The town of Tan Chau, about 260 kilometers (160 miles) west of Ho Chi Minh City in An Giang province, lies near the Cambodian border, where the Mekong rushes down into the delta and most families make a living growing rice.


Acres (hectares) of verdant rice paddies have been swallowed by muddy brown water. Low-lying rural roads are often swamped, despite sandbagging. And thousands of homes are flooded, sometimes to the rooftops, driving tens of thousands of people to seek shelter elsewhere.


Along a dirt dike two meters (6.6 feet) wide near Tan Chau, almost 200 people evacuated from their low-lying homes live jammed into makeshift shelters - like thousands of other families in the region.

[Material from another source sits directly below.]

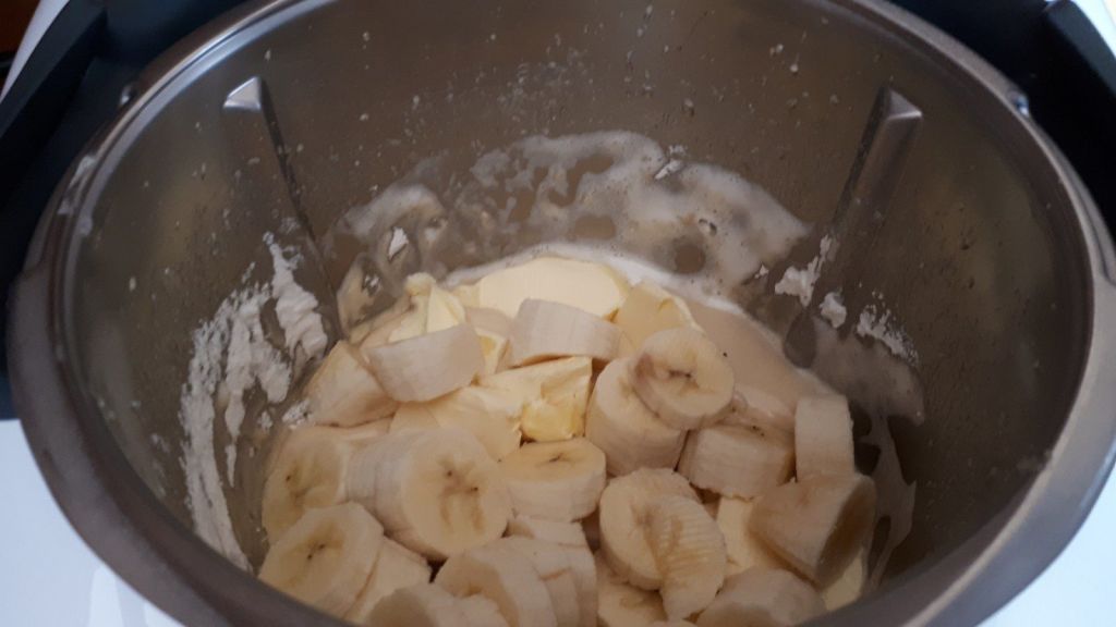 - Ajouter le beurre coupé en morceaux et les bananes puis mélanger 40sec/vit4, ajouter les pépites de chocolat et mélanger 10sec/couteau inversé/vit3.

Nguyen Thi Phu, 34, and her five relatives camped under plastic tarps held up by bamboo rods. They managed to rescue their wooden bed, and some pots and pans. A tiny altar stood in one corner of the shelter, but most of their possessions are submerged.


"My house is flooded up to here," Phu said, gesturing at her waist. "We're only living day to day. I don't when we'll be able to go home again. They tell us the water will go down by November. Until then, we will have to live here."


Conditions are cramped and unsanitary. The lapping waters are eroding many of the sodden dikes, but 2,500 soldiers and volunteers are helping reinforce them.


Rising waters threaten increasing numbers of people.


Last week, the Red Cross appealed for dlrs 1.9 million for people in Southeast Asia, with the bulk going to Cambodia. This week, officials said an additional appeal of up to dlrs 1.5 million would be launched for Vietnam alone.


The money will buy plastic sheeting for emergency shelters for around 35,000 people, at least 2,500 metric tons (2,750 tons) of rice, 25,000 mosquito nets and 6,000 cheap boats.


Vietnam's government already pledged 32 billion dong (dlrs 2.2. million) in aid to the flood-stricken areas.


"It's a disaster here, but it's been a slow disaster, not like the central region's floods," said Nguyen Thanh Na of the An Giang People's Committee, referring to 1999's record flash floods that killed more than 700 people in central Vietnam.


"Because the water has risen so slowly, there's no panic. I think people here have resigned themselves to it."